- Data listing:

• • • • •

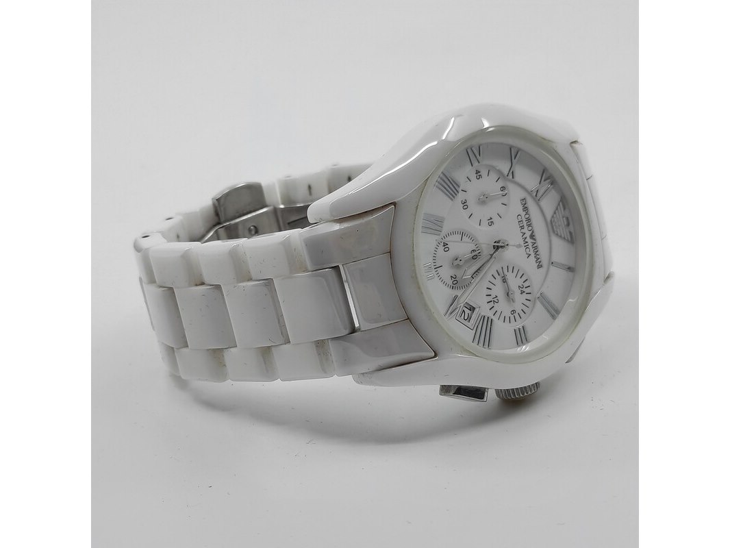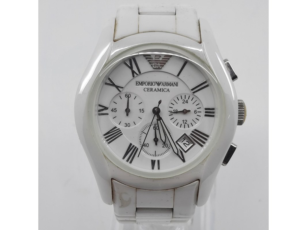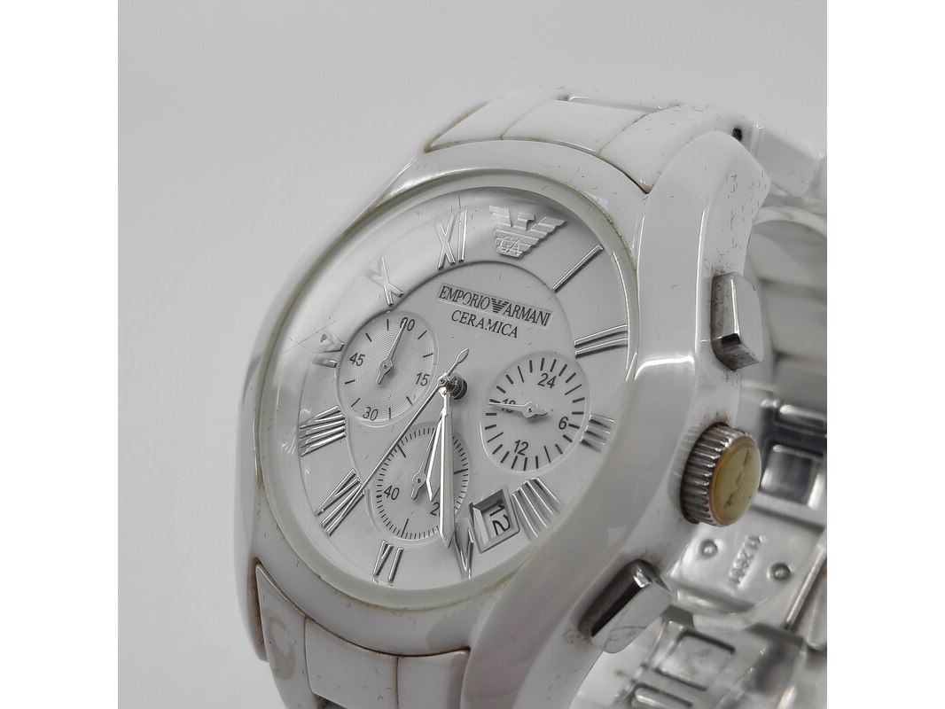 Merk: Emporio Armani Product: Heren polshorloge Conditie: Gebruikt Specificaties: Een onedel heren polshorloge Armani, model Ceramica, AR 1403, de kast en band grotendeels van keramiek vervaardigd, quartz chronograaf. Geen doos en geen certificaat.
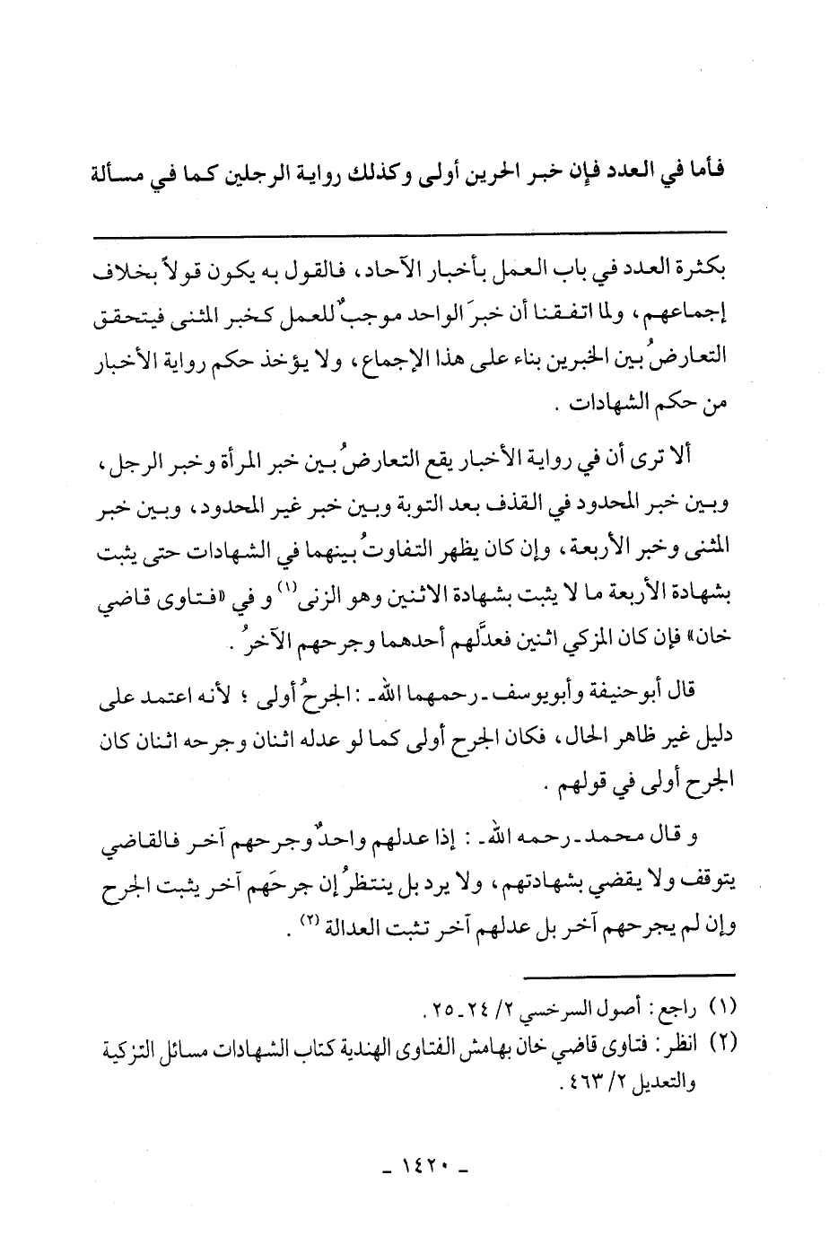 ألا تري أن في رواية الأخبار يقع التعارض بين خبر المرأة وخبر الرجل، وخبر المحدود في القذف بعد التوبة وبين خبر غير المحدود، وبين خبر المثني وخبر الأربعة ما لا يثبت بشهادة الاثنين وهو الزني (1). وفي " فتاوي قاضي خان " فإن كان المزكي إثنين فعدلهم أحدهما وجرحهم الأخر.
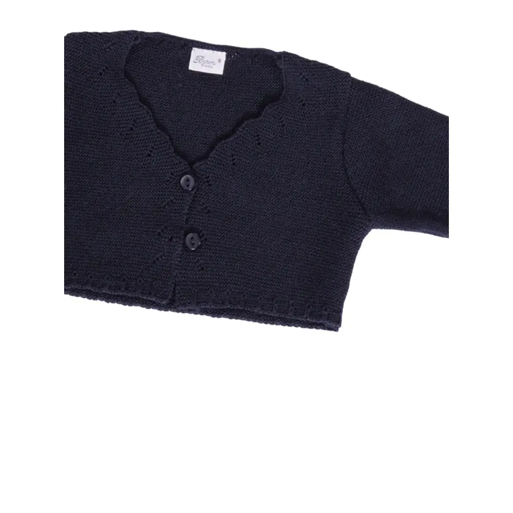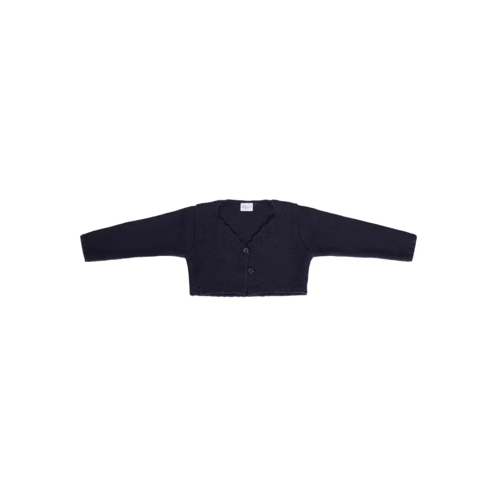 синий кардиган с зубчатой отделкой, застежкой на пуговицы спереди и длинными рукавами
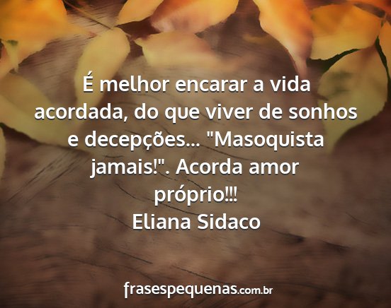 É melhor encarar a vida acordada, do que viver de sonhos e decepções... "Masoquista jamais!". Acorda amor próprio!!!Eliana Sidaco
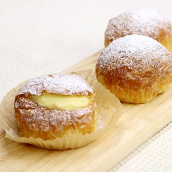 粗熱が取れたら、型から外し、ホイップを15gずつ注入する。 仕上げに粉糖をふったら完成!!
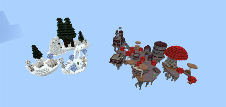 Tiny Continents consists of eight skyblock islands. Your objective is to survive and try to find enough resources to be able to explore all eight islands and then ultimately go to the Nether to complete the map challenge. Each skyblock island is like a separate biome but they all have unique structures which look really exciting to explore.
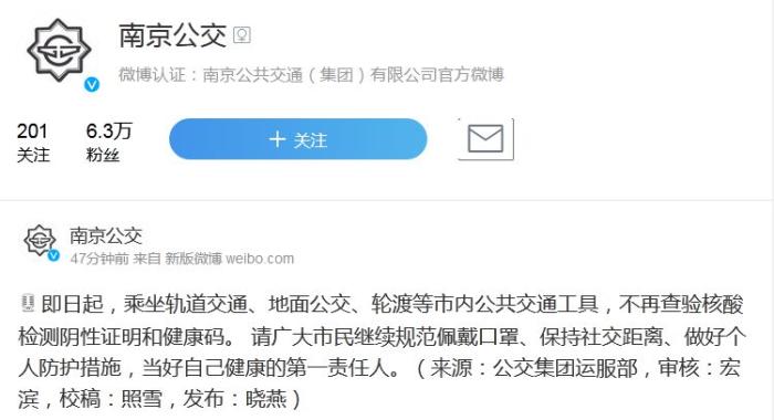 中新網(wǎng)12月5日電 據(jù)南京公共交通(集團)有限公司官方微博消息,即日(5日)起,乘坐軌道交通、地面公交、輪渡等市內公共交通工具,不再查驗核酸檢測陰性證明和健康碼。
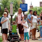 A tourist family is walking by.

• • • • •

- Work instruction:
Exactly the lines from the one with "中新網(wǎng)12月5日" through the end of the records should be written out, and only those. Pictures do not belong in the copy.

- Task response:
 中新網(wǎng)12月5日電 據(jù)南京公共交通(集團)有限公司官方微博消息,即日(5日)起,乘坐軌道交通、地面公交、輪渡等市內公共交通工具,不再查驗核酸檢測陰性證明和健康碼。
 A tourist family is walking by.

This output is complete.